They demanded, in concert, to be told what he was talking about. Who had come?
Hezekiah's joy made him scarcely articulate, but he did his best.
"Philander Jarvis has just landed," he proclaimed, "come down in his catboat, he did. He's goin' to open up his shanty and go coddin' from here, 'stead of South Orham. . . . Oh, hold on a minute! that ain't nothin'; the rich part's astern. Who do you cal'late's come to keep house for him? Come to live right next door? Haw, haw, haw! Jemima Gammon, that's who. Seleucus spied 'em from the tower and he was down to the beach when they landed. You'd ought to see his face. He's there now, helpin' get the dunnage ashore. Come on, fellows, quick!"
There was a howl of ecstasy from the mess room and a tumultuous exit. Calvin, leaving his letter, rose and followed. In the cove the Jarvis fishing boat was anchored, a dory was pulled up on the beach, and from that dory Mr. Gammon and a stolid individual whom Homer recognized as Philander Jarvis were lifting bundles and a battered trunk.
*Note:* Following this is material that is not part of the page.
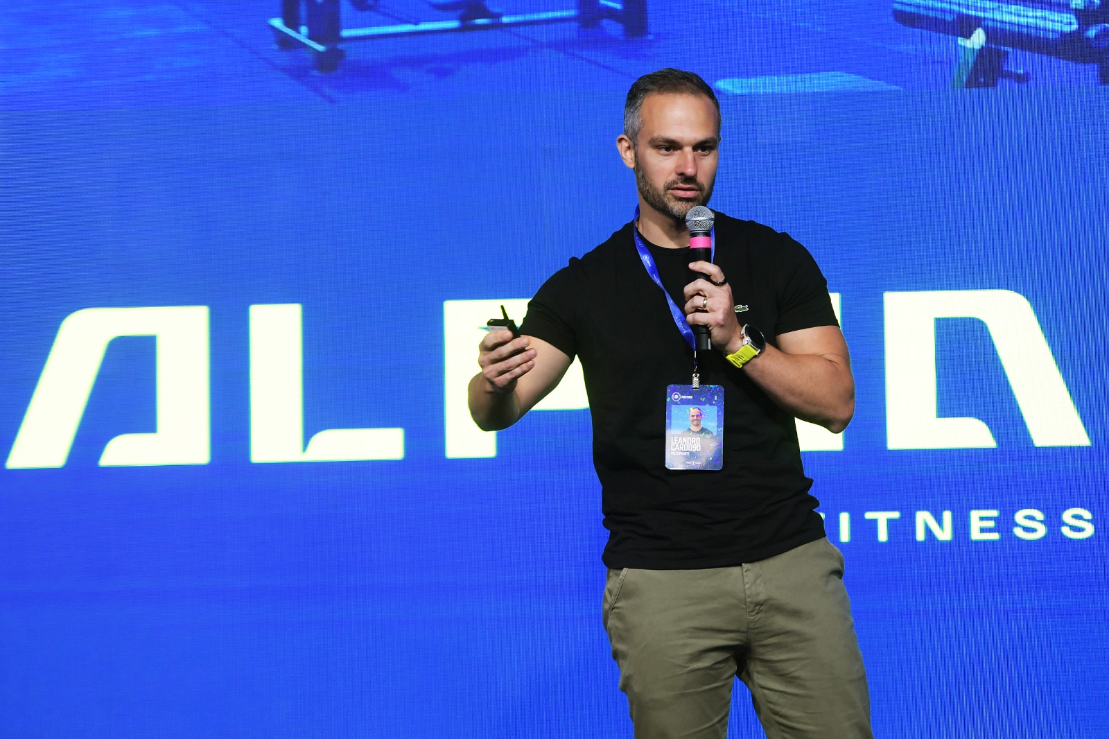 Leandro Cardoso, CEO da Alpha Fitness, rede com 27 unidades, e líder da ACAD Brasil na Bahia, escolheu como tema para sua palestra a Liderança com propósito e falou da importância de humanizar as relações dentro dos negócios do fitness, que tem como cerne cuidar de pessoas.

Superintending the trunk's transfer was a little, sharp-featured woman, with a protruding chin, and lips which snapped together like the spring lid of a tin tobacco box. Surrounding the trio was the group of delighted life savers.
The little woman's lips were shut only occasionally. For the most part they were open and words--many words--issued from between them.
"For mercy sakes be careful of that trunk!" she commanded, shrilly. "Look out! Look out, you'll drop it right souse into the water. Seleucus Gammon, if you get them things of mine wet I declare I'll make you go in swimmin' after 'em. Be careful! Of course," with some sarcasm, "a lady might think there was grown men enough standin' around here to bear a hand, but it appears everybody's too busy. I've heard," the sarcasm more emphatic, "about how busy some folks are down here, but--Oh, how d'ye do, Mr. Homer? I'm havin' a time, ain't I? Seleucus, you be careful of that box! It's got my--well, never mind what's in it; I don't want it wet, anyhow. Nice day, ain't it, Mr. Homer?"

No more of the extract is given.